Monorail in Queensland, Australia

The Sea World Monorail was a 2 km monorail that travelled around the Sea World theme park in the Gold Coast suburb of Main Beach. It was Australia's first monorail when it opened in 1986 and the only system remaining at the time of its closure (after both the Sydney Monorail and the nearby Broadbeach Monorail were decommissioned).
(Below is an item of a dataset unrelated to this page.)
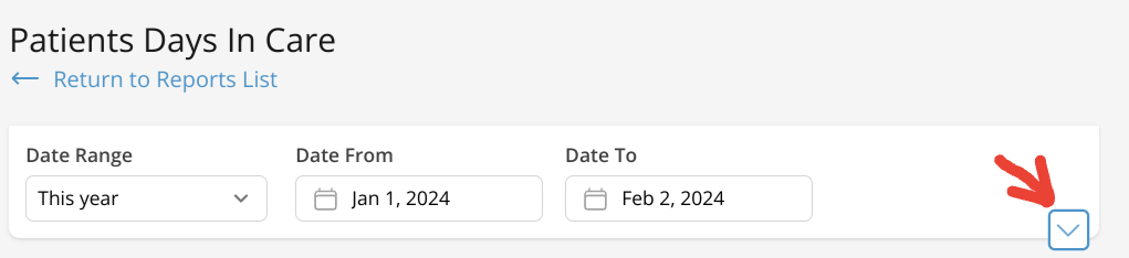 This report provides the number of days each patient was in care for all patients admitted during the chosen date range. Use the arrow on the right to expand the filter options.

In its lifespan, the monorail took 23 million guests and completed 330,000 circuits around the theme park.

==History==
The Sea World Monorail was opened on 15 August 1986 by Queensland premier Joh Bjelke-Petersen as Australia's first monorail system. Following the conclusion of World Expo 88 in Brisbane, at least one of the monorail trains was relocated to Sea World in 1989.

In 2019, the Sea World Monorail was closed because of the construction of the Leviathan wooden roller coaster, which was located adjacent to the monorail tracks. Two of the three trains were removed in May 2022 and scrapped, with Village Roadshow Theme Parks saying it had "no update" on the monorail's future, while the Sea World website referred to it as a "temporary closure".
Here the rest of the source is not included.